Depuis le 11 août 2026, les règles du démarchage téléphonique ont profondément évolué. Pour les professionnels de l’immobilier, acheter un lead vendeur ne suffit plus : il faut pouvoir démontrer que le propriétaire a effectivement accepté d’être contacté par l’agence qui l’appelle.
Pendant des années, le fonctionnement était simple : un propriétaire déposait une demande sur un portail immobilier, un site d’estimation ou un comparateur, ses coordonnées étaient transmises à une agence et un négociateur pouvait rapidement le contacter.
Depuis l’entrée en vigueur du nouveau régime, cette pratique doit être repensée.
Le principe : le consentement préalable devient essentiel
L’article L. 223-1 du Code de la consommation pose désormais le principe selon lequel un consommateur ne peut pas être démarché par téléphone sans avoir donné préalablement son consentement à être prospecté par ce moyen.
Ce consentement doit être :
- Libre ;
- Spécifique ;
- Éclairé ;
- Univoque ;
- Révocable ;
- Et résulter d’un acte positif clair.
La charge de la preuve repose sur le professionnel.

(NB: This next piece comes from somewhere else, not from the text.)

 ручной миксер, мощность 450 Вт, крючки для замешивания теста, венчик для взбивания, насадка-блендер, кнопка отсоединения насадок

Autrement dit, l’enjeu n’est plus simplement de savoir si l’agence possède légalement le numéro de téléphone d’un propriétaire.
Elle doit pouvoir répondre à une question beaucoup plus importante :
« Pourquoi ai-je le droit d’appeler cette personne ? »

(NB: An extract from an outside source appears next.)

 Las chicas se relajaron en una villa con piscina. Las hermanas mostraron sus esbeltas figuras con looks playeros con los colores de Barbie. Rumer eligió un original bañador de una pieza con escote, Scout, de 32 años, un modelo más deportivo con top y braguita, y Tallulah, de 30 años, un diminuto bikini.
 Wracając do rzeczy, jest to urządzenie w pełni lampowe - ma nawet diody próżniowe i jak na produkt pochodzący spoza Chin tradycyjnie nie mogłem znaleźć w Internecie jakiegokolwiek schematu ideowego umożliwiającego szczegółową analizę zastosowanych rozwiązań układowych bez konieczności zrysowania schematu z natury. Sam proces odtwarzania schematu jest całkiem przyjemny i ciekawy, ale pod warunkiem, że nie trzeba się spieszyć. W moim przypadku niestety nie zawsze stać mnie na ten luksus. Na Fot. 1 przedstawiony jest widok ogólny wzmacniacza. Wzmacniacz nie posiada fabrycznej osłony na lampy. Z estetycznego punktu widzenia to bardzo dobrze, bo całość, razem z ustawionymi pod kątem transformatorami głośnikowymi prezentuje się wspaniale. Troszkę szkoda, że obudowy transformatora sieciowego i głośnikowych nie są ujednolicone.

Acheter légalement un fichier ne signifie pas pouvoir prospecter par téléphone
La transmission ou la vente d’un fichier de prospects n’est pas interdite en elle-même, sous réserve du respect des règles applicables à la collecte, à l’information et à la prospection.

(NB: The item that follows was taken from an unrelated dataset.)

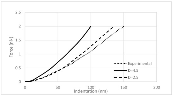 where F is the reaction force, R is the radius of the spherical indenter, δ is the applied indentation, E and ν are the Young’s modulus and Poisson’s ratio of the elastic material, respectively. The power-law fit for the F-δ relationship (Figure 5) obtained in this study was 1.68. This value is very close to the 1.5 that is provided by the theory.
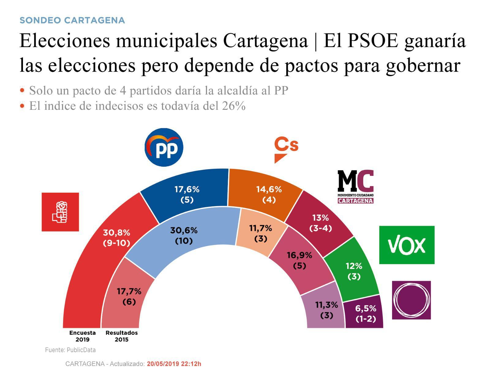 | Sigma Dos/La Verdad [4] | 14–15 May 2019 | 600 | ? | 31.4 10 | 28.7 9/10 | 13.4 4 | 11.3 3 | 3.1 0 | 8.6 2/3 | 2.7 |

Mais deux questions doivent être distinguées :
Avoir le droit de détenir et d’utiliser une donnée n’est pas nécessairement la même chose que disposer du droit de démarcher cette personne par téléphone.
Ainsi, la simple mention :
« Lead qualifié »
ou
« Lead opt-in »
Sur une facture ne constitue pas, à elle seule, une preuve suffisante du consentement.
Avant d’appeler, l’agence doit savoir précisément ce que le propriétaire a accepté, auprès de qui, pour quel objet et à quelle date.
Que doit pouvoir fournir un fournisseur de leads ?
Lorsqu’une agence achète des leads vendeurs, elle devrait être en mesure de demander à son fournisseur les éléments permettant de démontrer que le prospect est réellement appelable.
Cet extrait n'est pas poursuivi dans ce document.